Embodiment of the disclosure can provide a kind of storage system comprising: including the first superblock and the second superblock Multiple memory devices, each of the first superblock and the second superblock have multiple erasure unit blocks；And it is suitable for The Memory Controller of memory device is controlled, wherein Memory Controller executes: concurrently to erasing in each superblock The page of units chunk is programmed operation；And by copying to the data of sacrificial block in the second superblock, come to the first surpassing One or more sacrificial blocks in erasure unit block in grade block execute garbage collection operations.

Detailed description of the invention

Fig. 1 is the diagram for showing storage system according to an embodiment of the present disclosure.

Fig. 2 is the diagram for showing the Memory Controller of Fig. 1.

Fig. 3 is the diagram for showing storage system according to an embodiment of the present disclosure.

Fig. 4 is the diagram for showing non-volatile memory device according to an embodiment of the present disclosure.

Fig. 5 is the diagram for showing memory block according to an embodiment of the present disclosure.

Fig. 6 is the exemplary diagram for showing the memory block according to an embodiment of the present disclosure with three-dimensional structure.

Fig. 7 is the exemplary diagram for showing the memory block according to an embodiment of the present disclosure with three-dimensional structure.

Fig. 8 is the diagram for showing the method according to an embodiment of the present disclosure for being used to generate superblock.

Fig. 9 is the diagram for showing the method according to an embodiment of the present disclosure for being used to for programming data being programmed into superblock.

Figure 10 is the timing diagram for showing the operation according to an embodiment of the present disclosure that programming data is programmed into superblock.

Figure 11 is the diagram for showing garbage collection operations according to an embodiment of the present disclosure.

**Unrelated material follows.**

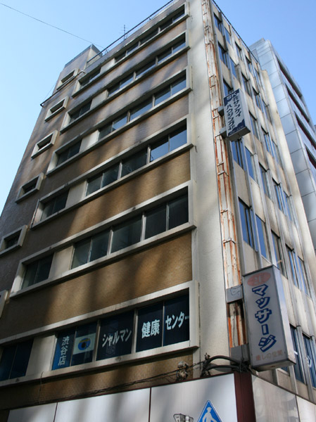 並木橋そばの交差点角に立つ昭和風ビル。解体するためか、すでに空きビルになってました。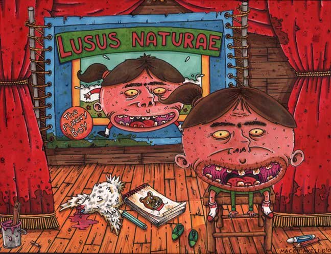 Macchiavello e` uno degli illustratori Italiani piu` conosciuti del momento ed ha lavorato per clienti importanti come la Birra Ceres ed il ristorante dei fumetti U Giancu di Camogli. E` il disegnatore delle "Skifidol Cards" (Realizzate per conto di Officina Comunicazione, società modenese, proprietaria del marchio e del concept "Skifidol"). Descrive se stesso come una combinazione di Hyeronimus Bosch e Jacovitti, Caravaggio ed il Grande Puffo, mischiati in una nauseante ecstasi. Enrico Macchiavello e` nato a Genova, cresciuto giocando coi colori e piu` tardi ha studiato alla Scuola del Fumetto di Chiavari, e all'Accademia Ligustica di Belle Arti a Genova. E` stato uno dei membri fondatori de La Fantomatica, societa` che fornisce servizi e prodotti grafici applicabili a vari media: editoria, web e broadcast. Nel 2000 ha vinto il prestigioso "Premio Andersen" per il miglior prodotto multimediale per ragazzi. Nel 2006, ha ricevuto il premio "U Giancu" della "Mostra Internazionale Dei Cartoonis". Ha esposto le sue opere alla Violabox Gallery a Genova ed in numerose altre mostre in giro per l'Italia. Ha gia`lavorato precedentemente con MF Gallery sia a New York che a Genova. Macchiavello ha raggiunto la notorieta` internazionale nel 1999 con gli spot pubblicitari e con il merchandising legati alla Birra Ceres. I suoi personaggi cosi` singolari e mostruosamente buffi hanno reso il suo stile famoso e riconoscibile per una grande varieta` di persone e i suoi disegni sono entrati gocciolanti e scivolanti nel cuore di gente di ogni eta`. Nel 2008, ha realizzato le illustrazioni delle Cards “Skifidol” per conto di Officina Comunicazione, società modenese, proprietaria del marchio e del concept "Skifidol”. Macchaivello: "Mostr-O-Rama" sara` in mostra dal 16 gennaio al 20 marzo, 2010. Per ulteriori informazione e/o acquisti, contattare: MFgalleryGenova@gmail.com |

Figure 12 is the diagram for showing garbage collection operations according to an embodiment of the present disclosure.

Figure 13 is the diagram for showing Memory Controller according to an embodiment of the present disclosure.

Figure 14 is the exemplary diagram for showing the storage system including Memory Controller shown in Figure 13.

Figure 15 is the exemplary diagram for showing the storage system including Memory Controller shown in Figure 13.

Figure 16 is the exemplary diagram for showing the storage system including Memory Controller shown in Figure 13.

Figure 17 is the exemplary diagram for showing the storage system including Memory Controller shown in Figure 13.

Specific embodiment

Exemplary embodiment is described more fully hereinafter with now with reference to attached drawing；However, it can be in different forms Implement, and should not be construed as limited to embodiment set forth herein.On the contrary, thesing embodiments are provided so that the disclosure is thorough Bottom and sufficiently, and is comprehensively communicated to those skilled in the art for the range of exemplary embodiment.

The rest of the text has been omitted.